张猛上前行礼,“主上。”
“嗯。”和天下信手端起茶盏。
“据线人情报,前几日,骆驼峰上鬼魅女已被诛杀,青菱烈……也果真现世了。”
和天下轻轻抿一口茶,问道:“那人是谁?”
“萧暮然。”
“萧暮然?”和天下皱眉细想,好像曾听说过这个名字。
张猛躬身续道:“此人年方二十,是玄德山庄的赏金猎人,五六年中猎杀多名目标,江湖人称‘雷厉侠客’。”

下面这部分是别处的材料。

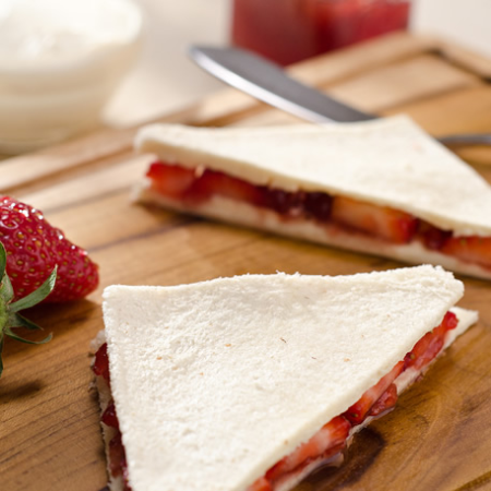 En una tapa, ponle jalea de fresa y el la otra, queso crema.

“哦?这般年轻?”和天下放下茶杯,起身缓步走到厅外,手扶围栏望向湖面。荷叶田田,清风微漾。
“主上可还记得,先前为一一续命输注内力的,也是此人。”
和天下恍然颔首。是了,那时还曾赞他内力精纯。
“后生可畏啊。”他轻轻一叹,转而语气微沉,“只是区区一个鬼魅女,竟能搅动整个江湖……怕是都为了青菱烈而来罢。”
“正是,江湖传言,鬼魅女与萧暮然似乎……”
“哼!”和天下冷笑。江湖之中,尔虞我诈,背信弃义之事他见得太多了,这背后定是有幕手布局。
张猛察言观色,低声问:“可需夺回青菱烈?”和天下摆摆手:“萧暮然若是正人君子,青菱烈在他手中,或许反能成一番事业。”
“是。”
“查!揪出骆驼峰背后始作俑者。”
“遵命。”张猛领命退下。
和天下目光远眺,忽然望见湖对岸的亭中,一个忙碌的身影。他眯眼细辨,那好像是……叶姑娘。
叶吟片刻不敢耽搁,此刻确在亭中煎药。今日暑热,炉火烘烤,她额前鬓角早已汉湿,却顾不得擦拭,只凝神守着药罐,轻轻扇火,徐徐搅动。整整一个时辰,汤药方成。
她将药汁倒入碗中,怕散了药性,匆匆端往主厅。和天下静立廊下,望着她一路疾走而来。
得到跟前,叶吟双颊通红,汗珠沿颊边滚落,气息仍有些不稳:“曲老爷,该用药了。”
侍者阿青上前接过药碗,小心奉至和天下面前。和天下看着那浓褐的汤药,眉头微皱,并未伸手。
叶吟却从旁取来一小盏栀子花蜜,声音轻柔:“曲老爷,您先含一勺花蜜,再一口气将药饮尽,随后再服一勺蜜,便不觉苦,只是甘甜满口。”
和天下仍显迟疑。
叶吟却不等待,径自舀起一汤勺蜜,递至他唇边,目光温柔却坚持:“张嘴。”
一旁阿青倒抽一口气,睁大眼睛,心中大骇:真是大白天的撞见鬼了!这丫头竟敢这般对主上说话!张嘴准备训斥。
和天下却给个眼神制止他出声,抬手接过了那勺蜜,缓缓送入口中。
阿青怔在原地,悄悄抬眼,只见和天下神情平和,竟无半点愠色。这般情形,他服侍多年,从未见过。
花蜜的甜意尚未在唇齿间化开,叶吟已将药碗递来。和天下顺从地接过,仰首饮尽。药碗还未放下,又一勺蜜已送至唇边。他微微一顿,随即含入口中。
果然,只余清甜回甘,苦涩荡然无存。
药汤服罢,叶吟脸上漾开一抹心满意足的笑,仿佛在说‘谢谢配合’。至此细密的汗珠仍缀在她鬓边。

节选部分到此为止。